Following the release of the Star Wars: The Rise of Skywalker movie, many fans hoped that the novelisation would clear up some confusing or unaddressed plot points. Now with that novel released and many questions still remaining, Disney has taken the unusual step of announcing a Rise of Skywalker: The Novel: The Movie movie to continue work on what it says are “valid complaints”.

Speaking at a press conference earlier today, Disney spokesperson Berk Turblen revealed that the company remained “unsatisfied” with the number of “people yelling at us online, and also the plot holes too”.

“We just want to take this opportunity to say a big thank you to JJ Abrams for coming in at a difficult time and pushing Rise of Skywalker over the line, and of course also to author Rae Carson for stepping up getting us a little closer to finishing what JJ started.

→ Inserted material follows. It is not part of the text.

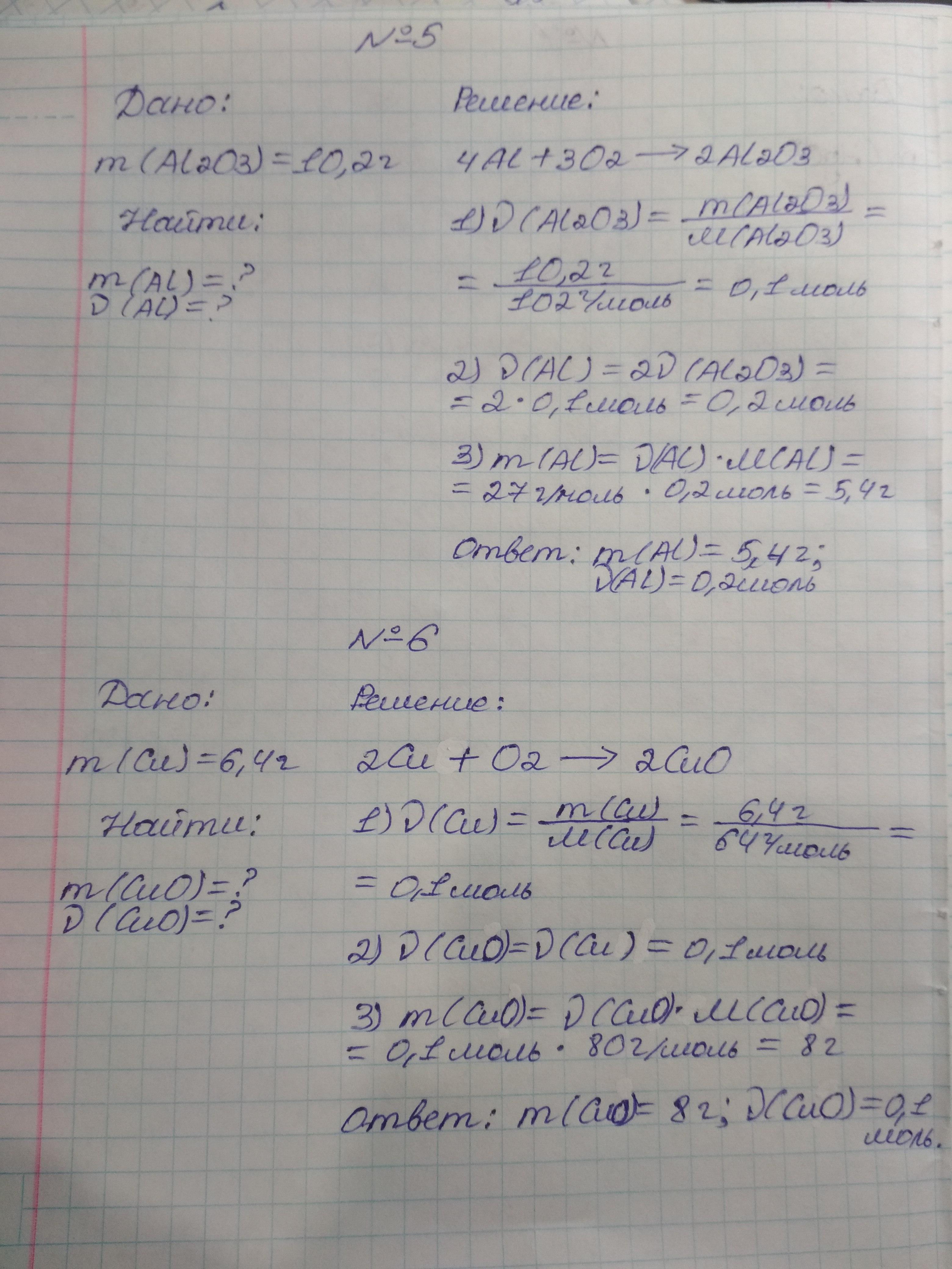 5)Какую массу и количество вещества алюминия нужно сжечь, чтобы получилось 10,2 г оксида алюминия ?

Absolutely stellar work.”

“Unfortunately,” Turblen continued as he pulled out his phone, “I’ve just seen someone named @The_Ass_Pisser point out that none of what the book or the film has done made any sense or offered any emotional payoff, so we really need to try again from the top.”

“Look, they took a photo of the paragraph and everything,” said Turblen, holding out his phone to the assembled journalists. “Oh man, and it’s been retweeted 100 times. Fuck, that’s too many. Yikes.”

“Maclunkey”, he added ponderously.

Disney has asked journalists to hold off on announcing that veteran director and altogether steady hand Richard Linklater has been attached to the film, as they anticipate that he will be fired from the project “any moment now.”

The news of a movie of the novel of the movie has energised fans, as well as people who still call themselves fans despite spending the last three years braying for blood. , It’s had an especially positive impact on members of the public who eagerly attend screenings of popular culture events in order to feel they are relevant but don’t really take anything away from them.

“Hell yeah,” cinemagoer Jenny Denst told us enthusiastically, despite not owning a pop culture focused YouTube channel. “I’ve probably got enough peer pressure momentum built up to see that.”

“Nooooooooo!,” she then shouted, unnecessarily.